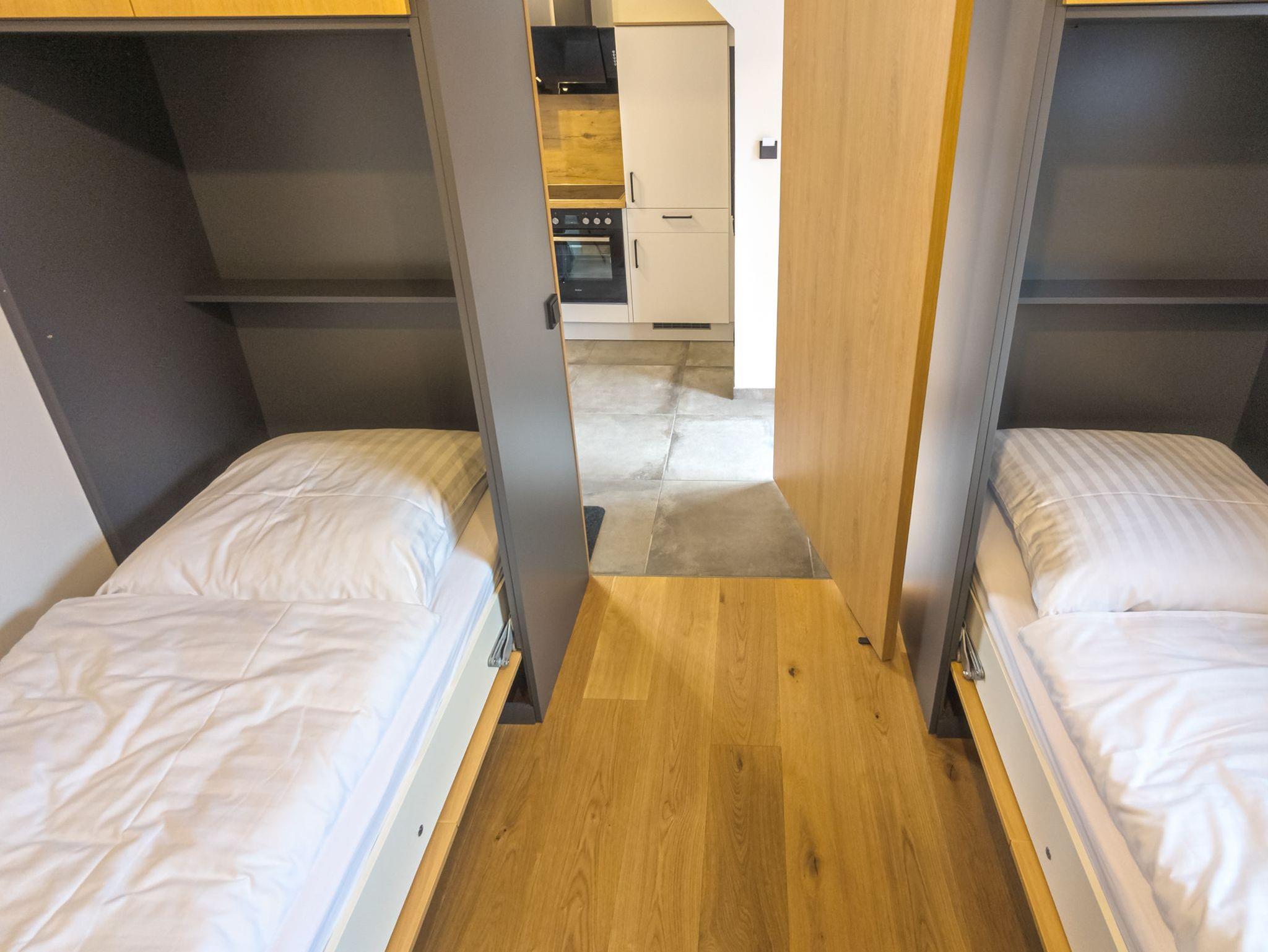 Die modernen, lichtdurchfluteten Wohnungen befinden sich im zweiten Stock und haben alle einen Balkon mit großartigem Elbblick. Die Wohnungen haben zwei Schlafzimmer, Badezimmer und Wohnzimmer mit Küchenzeile. Das zweite Schlafzimmer ist mit Einzelstehenden Wandklappbetten. Die Wohnungen sind per Fahrstuhl erreichbar und haben alle einen PKW-Stellplatz und Stellplätze und Ladepunkte für E-Bikes.
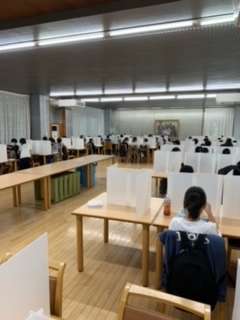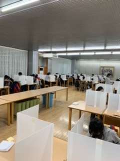 食堂の様子です。感染症予防対策のために、パーティションをしています。
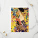 Cartão com pintura de óleo de Gustav Klimt Lady com ventilador (1918). Uma mulher vestindo um quimono azul segura um fã vermelho contra um fundo amarelo colorido de flores e pavões. Um presente de excelente para fãs de arte japonesa e europeia.
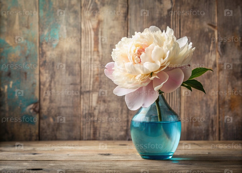 Красивые бело-розовые пионы в стеклянных вазах и бутылки на деревянном шкафчике. Цветы и почки в вазе. Светлый, белый, розовый и синий цветочный фон
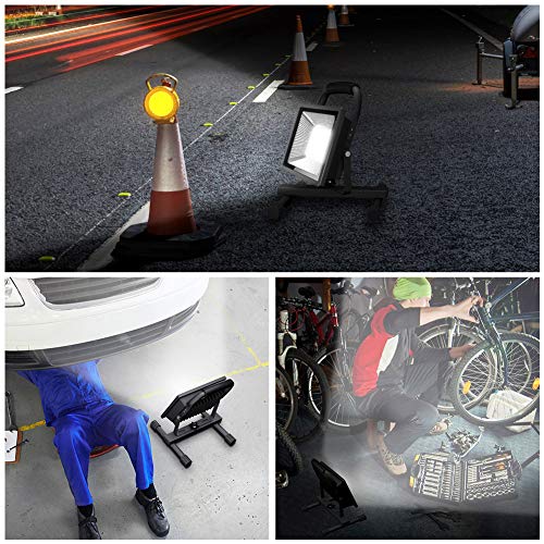 • GLORIOUS-LITE 30W LED Work Light Portable, 3000LM LED Outdoor Flood Lights, 6500K White Light,16ft/5M Cord with Plug, IP66 Waterproof, Adjustable Angle Stand Working Lights for Workshop, Garage
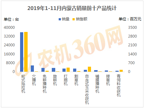 不論是從銷量還是銷售額方面,均可以看出輪式拖拉機(jī)在內(nèi)蒙古地區(qū)農(nóng)機(jī)產(chǎn)品中占有重要的地位。
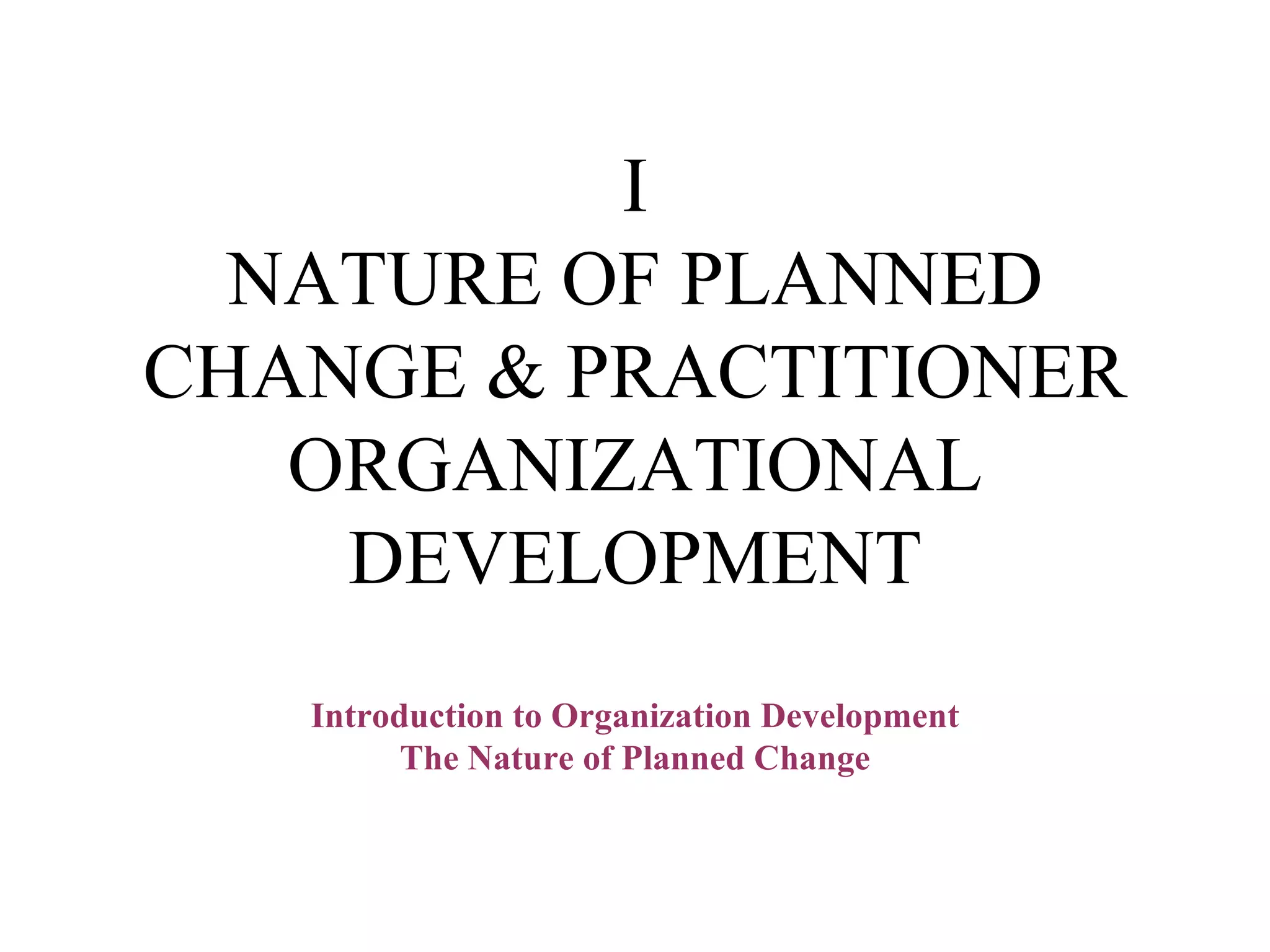 This document discusses organization development (OD) and planned change. It defines OD as a planned process of change using behavioral science. Common models of planned change are presented, including Lewin's three-stage model of change and action research. The roles and competencies of an OD practitioner are outlined, including the demands of consulting and managing ethical dilemmas.
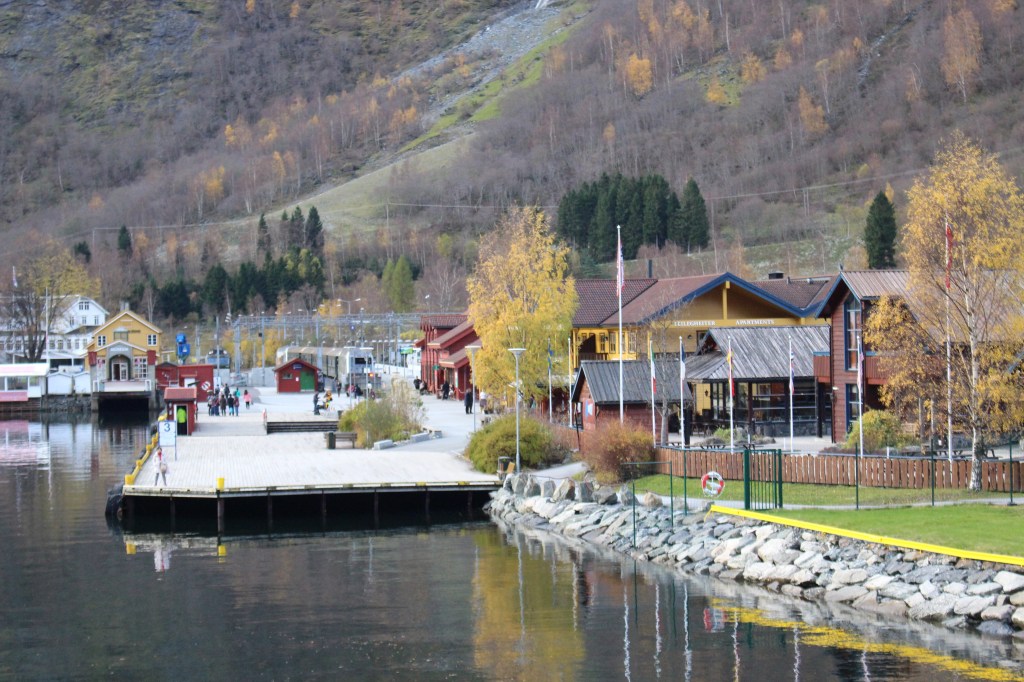 We are approaching the wharf at Flam. What a gorgeous, vibrant township! The Flam railway leaves from here to zig-zag up 980m above sea level to Myrdal. We passed through Myrdal yesterday and from here we will connect with a local train to complete our tour back in Voss.

----

Action item: The answer should contain only the lines from the beginning of the material above through the line with "不論是從銷量還是銷售額方面,均可以看出輪", retyped exactly, with the pictures removed.

Your solution:
 Die modernen, lichtdurchfluteten Wohnungen befinden sich im zweiten Stock und haben alle einen Balkon mit großartigem Elbblick. Die Wohnungen haben zwei Schlafzimmer, Badezimmer und Wohnzimmer mit Küchenzeile. Das zweite Schlafzimmer ist mit Einzelstehenden Wandklappbetten. Die Wohnungen sind per Fahrstuhl erreichbar und haben alle einen PKW-Stellplatz und Stellplätze und Ladepunkte für E-Bikes.
 食堂の様子です。感染症予防対策のために、パーティションをしています。
 Cartão com pintura de óleo de Gustav Klimt Lady com ventilador (1918). Uma mulher vestindo um quimono azul segura um fã vermelho contra um fundo amarelo colorido de flores e pavões. Um presente de excelente para fãs de arte japonesa e europeia.
 Красивые бело-розовые пионы в стеклянных вазах и бутылки на деревянном шкафчике. Цветы и почки в вазе. Светлый, белый, розовый и синий цветочный фон
 • GLORIOUS-LITE 30W LED Work Light Portable, 3000LM LED Outdoor Flood Lights, 6500K White Light,16ft/5M Cord with Plug, IP66 Waterproof, Adjustable Angle Stand Working Lights for Workshop, Garage
 不論是從銷量還是銷售額方面,均可以看出輪式拖拉機(jī)在內(nèi)蒙古地區(qū)農(nóng)機(jī)產(chǎn)品中占有重要的地位。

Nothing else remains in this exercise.